Suppose I have a shell script stored in a GCS bucket. Is it possible to execute it using Apache Beam? If yes, then how? I haven't currently tried anything for it yet as I couldn't find anything of this sort in the documentations for Apache Beam or Dataflow. So just wanted to know what approach I must take for it. Thanks.
1 Answer
It's unusual, but not unheard of to want to execute a whole shell script from something like a DoFn. Is this what you want to do? Do you want to run it once for each element in a PCollection?
If so, you'd want to use the GCS API, or the FileSystems API to obtain the whole contents of the shell script into a String or byte array, and then pass it as a side input into your ParDo.
Then you can execute it using a tool like subprocess in Python, or ProcessBuilder in Java.

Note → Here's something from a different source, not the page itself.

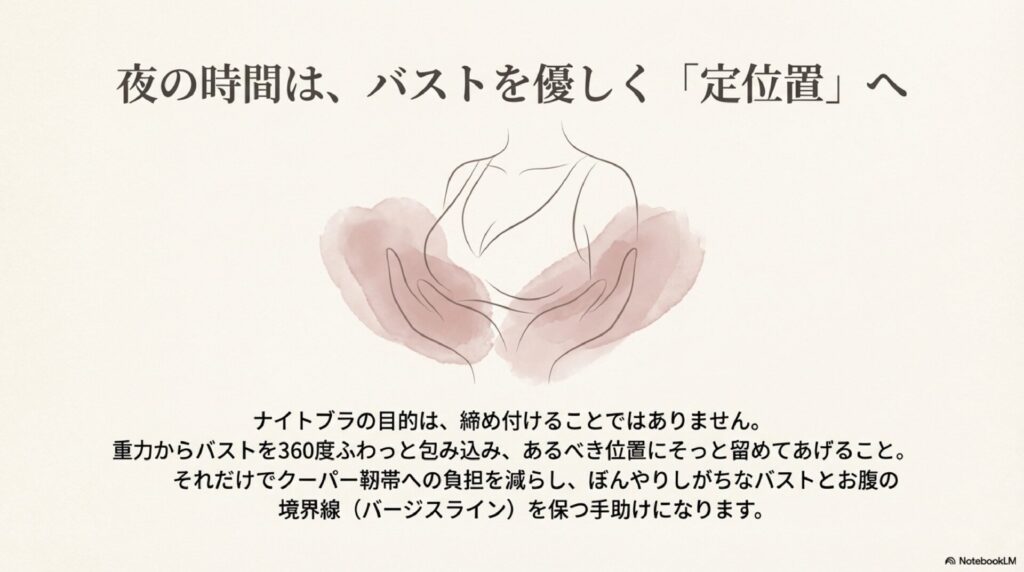 ラインがはっきりしなくなると、どうしても全身が少し疲れた印象に見えてしまうこともあります。でも、ナイトブラで夜の間に「ここはバストの場所ですよ」と優しく教えてあげることで、メリハリのある美しいシルエットを保つお手伝いができます。
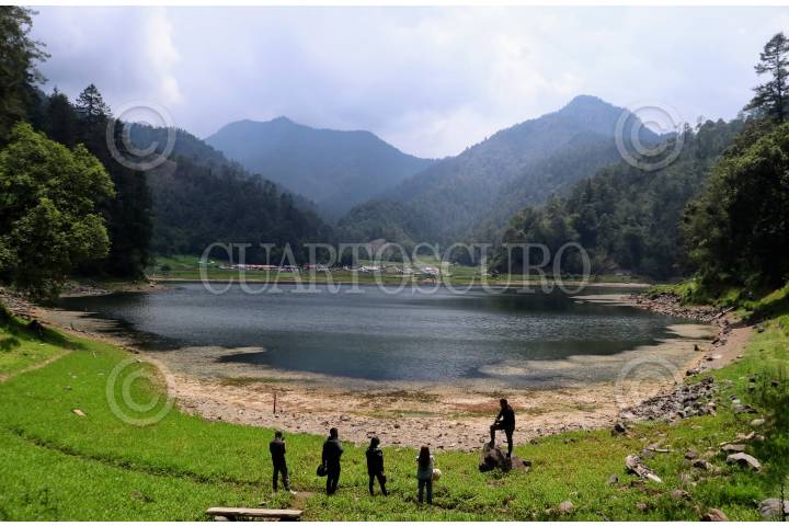 Turistas se toman una foto en la laguna Quila, la mayor del Parque Nacional Lagunas de Zempoala

Let me know if you need something more specific, and we can iterate a solution.
2 Comments
eilalan
Hi Pablo, I know it is an old question but I would like to run a similar scenario. I have two shell commands from a library that was uploaded to the worker with the setup.py script Running. The first command is a configuration command and the second is an execution that is dependant on the config command. I tried separating them with ';' or '&&' at the subprocess with no success. i tried also os.system with both commands and it didn't work out. I can not separate them because the second subporcess will not have the first subporcess configuration setting. please let me know your thoughts. thx
Pablo
You may be able to do something like this:
subprocess.call(['sh', '-c', 'echo "hi" && echo "why"']) - except you replace your two commands. Is that possible?